The task: Exact retyping of the data: please keep every word and drop each picture.

Data excerpt:
---*---

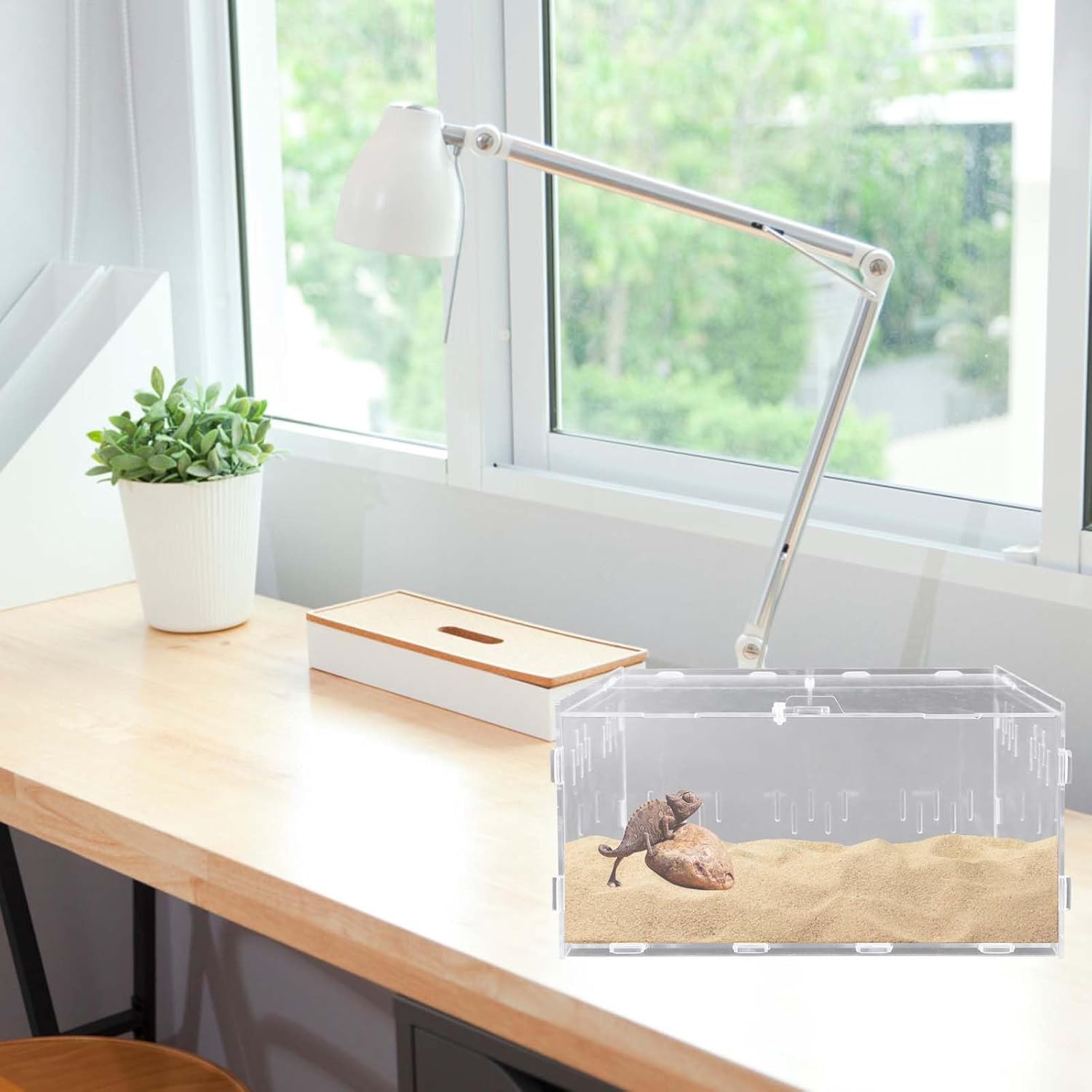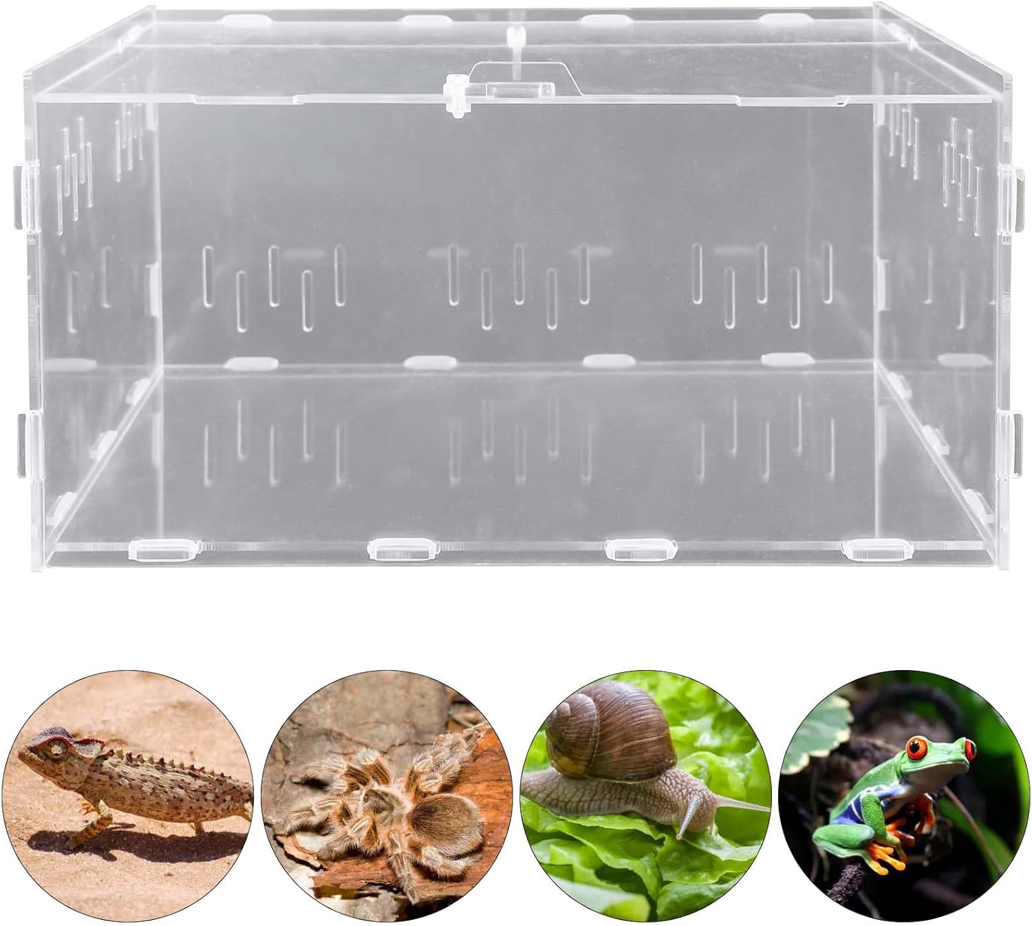 【Materiale de înaltă calitate】Terariul pentru melci este fabricat din acril transparent, este complet transparent la 360 de grade, clar și luminos, ușor de observat și curățat.
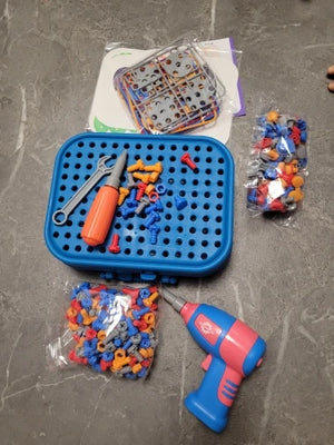 The kit comes with a variety of parts and tools, allowing for endless assembly combinations and creative play.
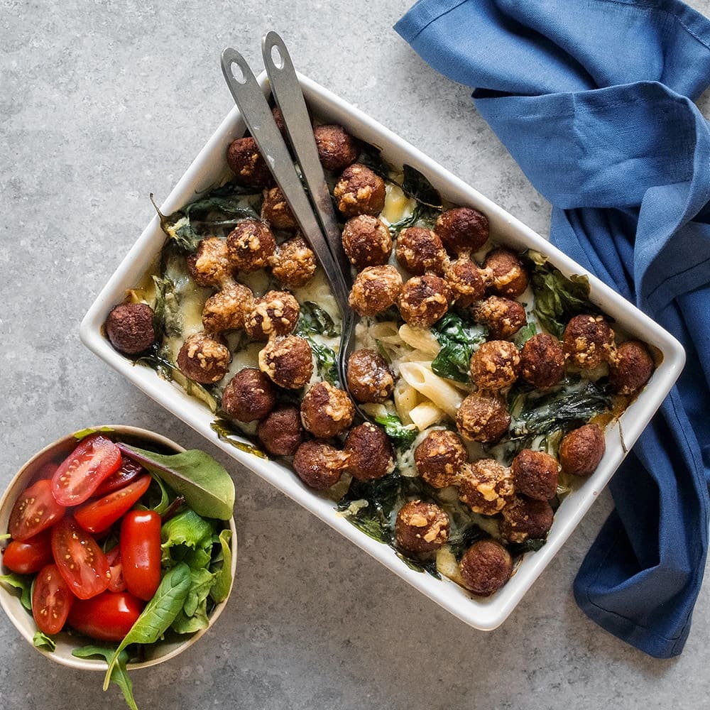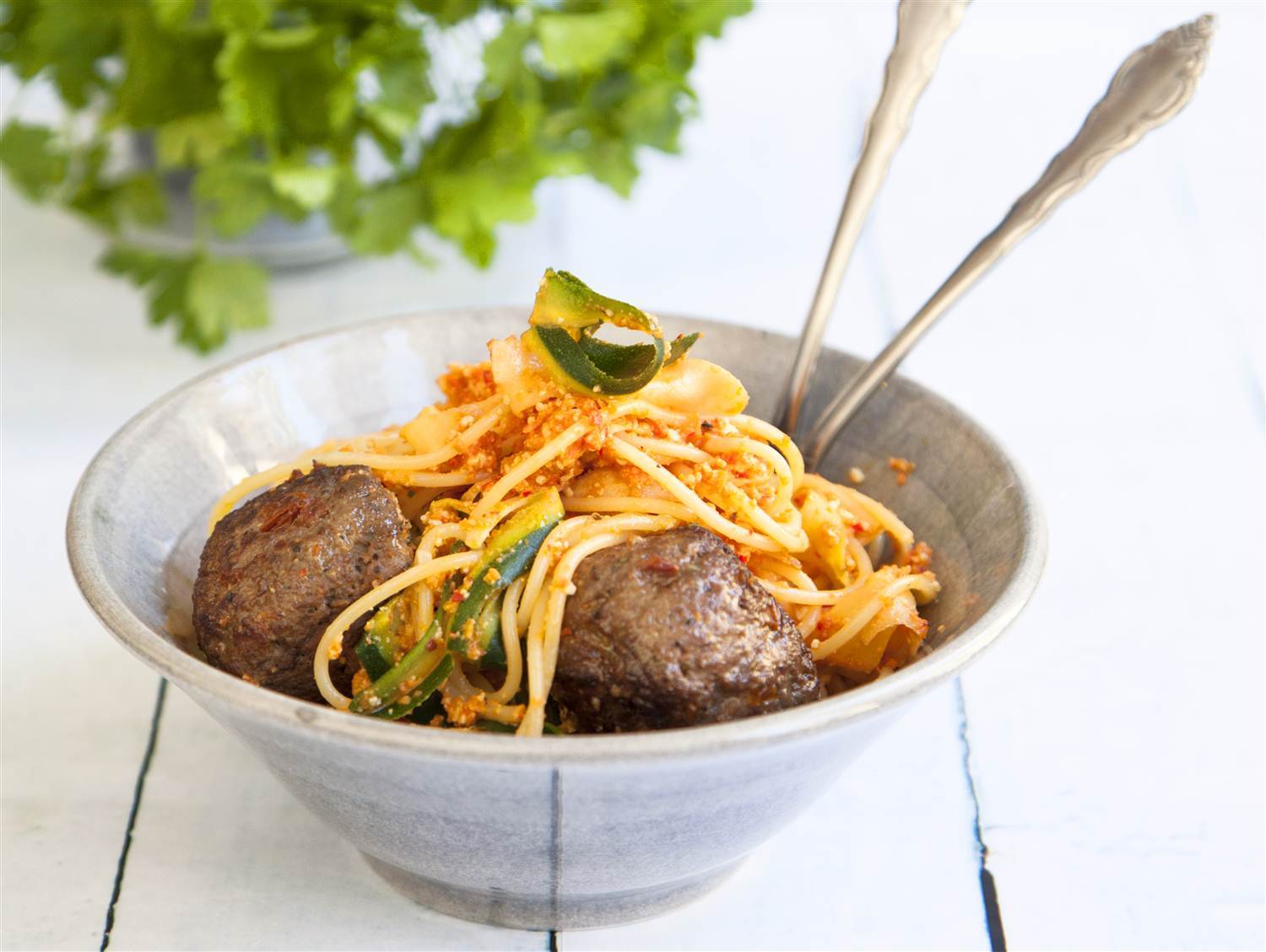 Köttbullar i tomatsås med rostade grönsaker och pasta

---*---

Solution to the problem:
 【Materiale de înaltă calitate】Terariul pentru melci este fabricat din acril transparent, este complet transparent la 360 de grade, clar și luminos, ușor de observat și curățat.
 The kit comes with a variety of parts and tools, allowing for endless assembly combinations and creative play.
 Köttbullar i tomatsås med rostade grönsaker och pasta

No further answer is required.